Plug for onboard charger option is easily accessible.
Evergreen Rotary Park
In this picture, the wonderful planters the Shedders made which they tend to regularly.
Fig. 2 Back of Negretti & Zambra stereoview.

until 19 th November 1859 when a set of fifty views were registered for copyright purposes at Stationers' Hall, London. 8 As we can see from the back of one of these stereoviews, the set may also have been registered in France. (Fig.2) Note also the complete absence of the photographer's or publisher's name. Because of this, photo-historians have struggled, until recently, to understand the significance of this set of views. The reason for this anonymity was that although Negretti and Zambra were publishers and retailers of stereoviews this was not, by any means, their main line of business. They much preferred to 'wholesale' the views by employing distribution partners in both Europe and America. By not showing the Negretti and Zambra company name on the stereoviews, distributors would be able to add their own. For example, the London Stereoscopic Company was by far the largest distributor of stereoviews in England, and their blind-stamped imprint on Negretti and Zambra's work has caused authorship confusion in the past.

...

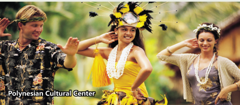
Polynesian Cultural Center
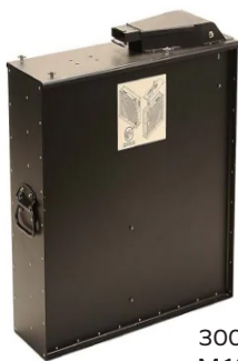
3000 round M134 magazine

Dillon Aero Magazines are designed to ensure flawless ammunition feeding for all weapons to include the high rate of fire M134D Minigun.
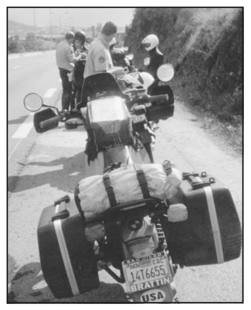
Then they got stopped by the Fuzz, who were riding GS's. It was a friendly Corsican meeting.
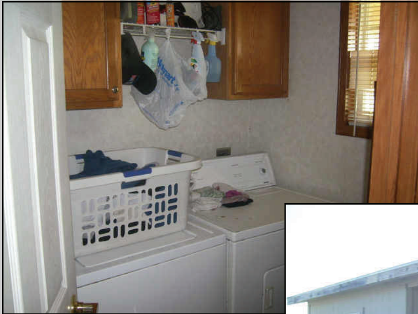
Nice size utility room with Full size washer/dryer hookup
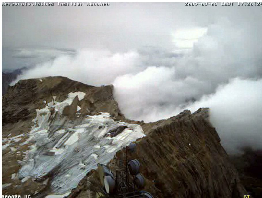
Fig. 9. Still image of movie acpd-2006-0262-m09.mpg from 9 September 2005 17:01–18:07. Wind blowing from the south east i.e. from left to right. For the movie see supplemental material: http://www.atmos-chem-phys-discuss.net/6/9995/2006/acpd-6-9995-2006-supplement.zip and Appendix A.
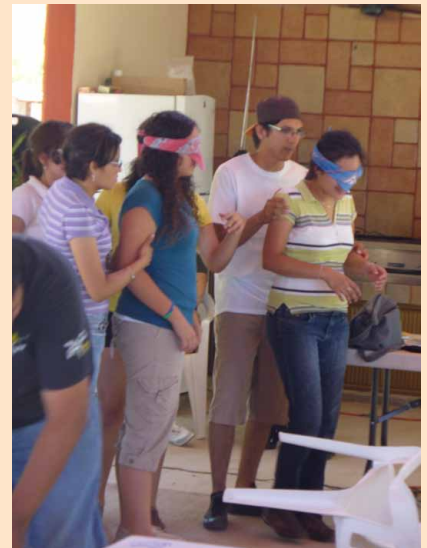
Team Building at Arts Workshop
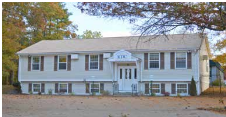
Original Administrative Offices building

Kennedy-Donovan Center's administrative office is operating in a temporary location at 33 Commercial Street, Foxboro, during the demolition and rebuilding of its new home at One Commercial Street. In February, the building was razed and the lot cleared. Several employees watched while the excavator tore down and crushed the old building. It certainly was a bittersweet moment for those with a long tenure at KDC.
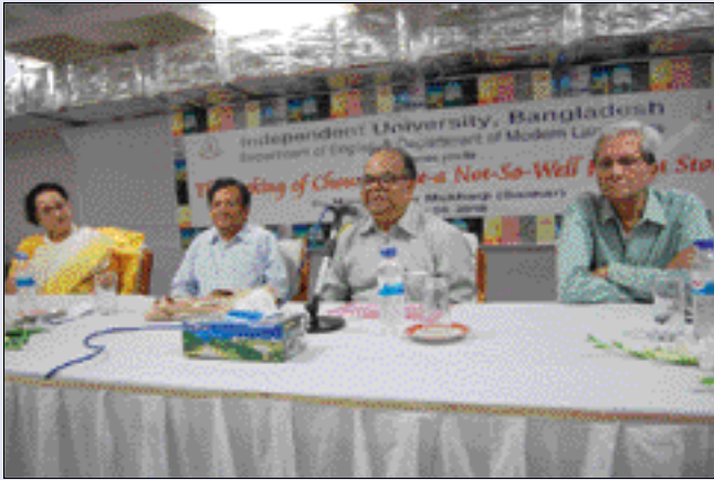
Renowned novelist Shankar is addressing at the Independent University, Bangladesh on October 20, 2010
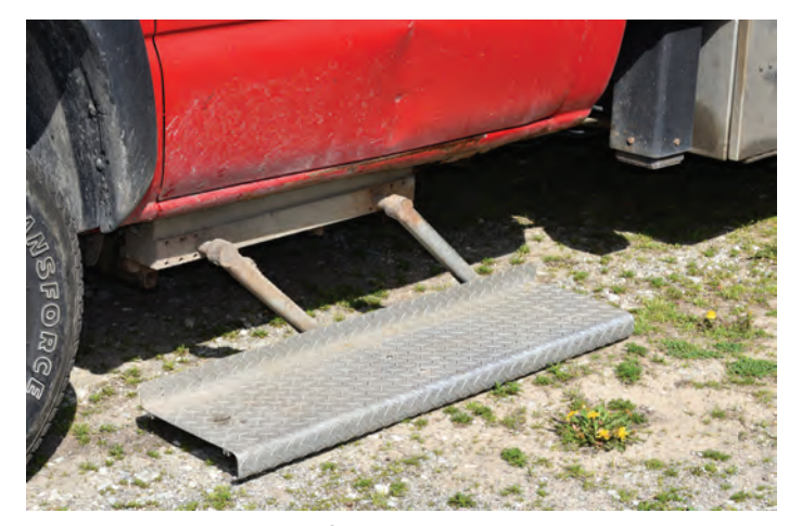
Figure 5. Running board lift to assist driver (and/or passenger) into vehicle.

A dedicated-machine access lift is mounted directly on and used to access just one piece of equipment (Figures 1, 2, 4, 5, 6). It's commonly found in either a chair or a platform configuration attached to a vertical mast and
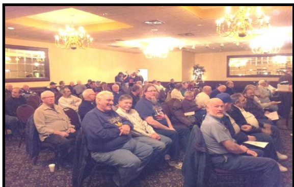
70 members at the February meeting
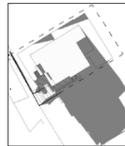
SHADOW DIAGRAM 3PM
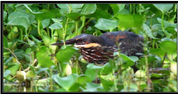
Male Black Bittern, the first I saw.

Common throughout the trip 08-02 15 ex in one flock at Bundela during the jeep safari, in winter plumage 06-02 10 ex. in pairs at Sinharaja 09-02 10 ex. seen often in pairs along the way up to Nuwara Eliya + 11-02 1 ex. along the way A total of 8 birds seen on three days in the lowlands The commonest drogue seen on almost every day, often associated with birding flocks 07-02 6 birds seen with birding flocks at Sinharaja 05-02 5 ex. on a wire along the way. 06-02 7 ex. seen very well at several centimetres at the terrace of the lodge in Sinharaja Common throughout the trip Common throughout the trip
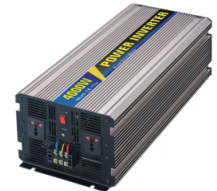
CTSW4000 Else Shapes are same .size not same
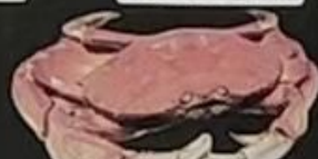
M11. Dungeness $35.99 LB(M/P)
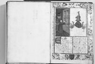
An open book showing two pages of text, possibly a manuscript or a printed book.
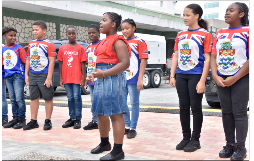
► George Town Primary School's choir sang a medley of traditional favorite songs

What needs to be done:
Starting at the line containing "Fig. 9. Still" and finishing at the line containing "Original Administrative Offices building", return those lines exactly as they appear above, without the pictures.

Task response:
Fig. 9. Still image of movie acpd-2006-0262-m09.mpg from 9 September 2005 17:01–18:07. Wind blowing from the south east i.e. from left to right. For the movie see supplemental material: http://www.atmos-chem-phys-discuss.net/6/9995/2006/acpd-6-9995-2006-supplement.zip and Appendix A.
Team Building at Arts Workshop
Original Administrative Offices building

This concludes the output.